Riding a big bike with a precious cargo brings the issue of road safety, and in particular road positioning, into sharper focus than it might have been when I was riding solo on a road bike or a pub bike. Perhaps as a parent I am now consciously or unconsciously less likely to take risks but certainly as the pilot of a bike with a passenger in it I am aware of my responsibility to deliver the cargo safely and comfortably to her (or occasionally my) chosen destination. For many less experienced cyclists the concept of riding out in the stream of the traffic, well away from the kerb and well in the way of the cars, vans and buses also using the road, is counter-intuitive; even experienced cyclists might feel that their instinct to ‘take the road’ is about competing for space rather than using the space that is legitimately available to them. However, for the rider of a cargo bike, it becomes a necessity.
Once I started riding a Bakfiets I quickly became aware that my riding style had changed. Sitting upright and pushing a significant weight meant my speed was generally going to be slow, so nipping in and around other vehicles was not going to be a feature of my journeys. The fact that a cargo bike is pretty wide also meant that I was not going to be slipping up the inside or outside of many traffic queues or squeezing between buses to grab a few extra yards.
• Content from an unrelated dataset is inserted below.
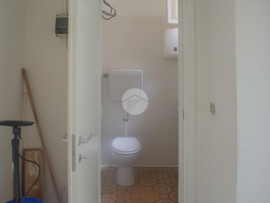 L'ufficio misura 65 metri quadrati ed è situato al piano terra di una palazzina condominiale che si sviluppa su due livelli. La soluzione è attualmente divisa in tre locali ed è dotata di un servizio igienico. La struttura è dotata della canna fumaria. L'ambiente è particolarmente luminoso grazie alla presenza di due grandi vetrine. L’immobile possiede impianto elettrico e ha la predisposizione all’impianto di illuminazione.

Instead I found myself taking my time and taking my place within the traffic, becoming part of the traffic rather than competing with it. I finally realised that I was actually following the advice I had been offering all these years: I had had the decision to be part of the traffic forced upon me by dint of the size of the bike I was riding.
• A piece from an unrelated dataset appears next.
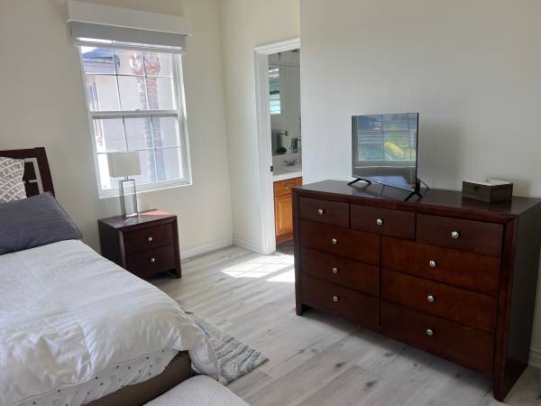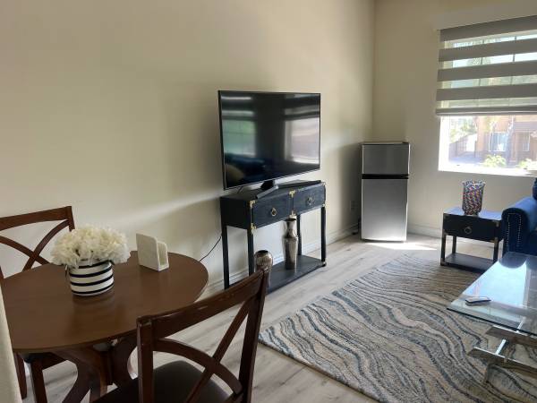 Charming spacious with sq, fully furnished BedroomBath Apartment inside the house, in a Peaceful, Safe Neighborhood All Utilities, WIFI Included with living room, furniture, TV and Kitchenette.

By being obliged to travel more sedately I have taken to travelling more serenely. Now I take my place on the road in what I now know to be the primary position, offering generously exaggerated hand signals and cheery waves as I go. The reaction of motorists has been to respond in kind, almost without exception, offering space on the road and clearance as they pass. Such consideration from fellow road users is probably a reflection of their surprise at coming across such an unlikely bike or their incredulity that anyone would be so irresponsible to pedal their own child about in a small skip on wheels; it may be down to the fact that we have become something of a local talking point, although given that we live near the Headington shark locals are very hard to impress. Whatever the reason may be, I feel as secure on a bike on the road as I ever have.
On the odd occasion that I have had to remind a driver that they might like to reconsider their decision to take my space, I have been able to do so with the confidence of someone who has read Cyclecraft and is quite prepared to discuss its recommendations in detail. Which is enough to frighten even the most hardened motorist.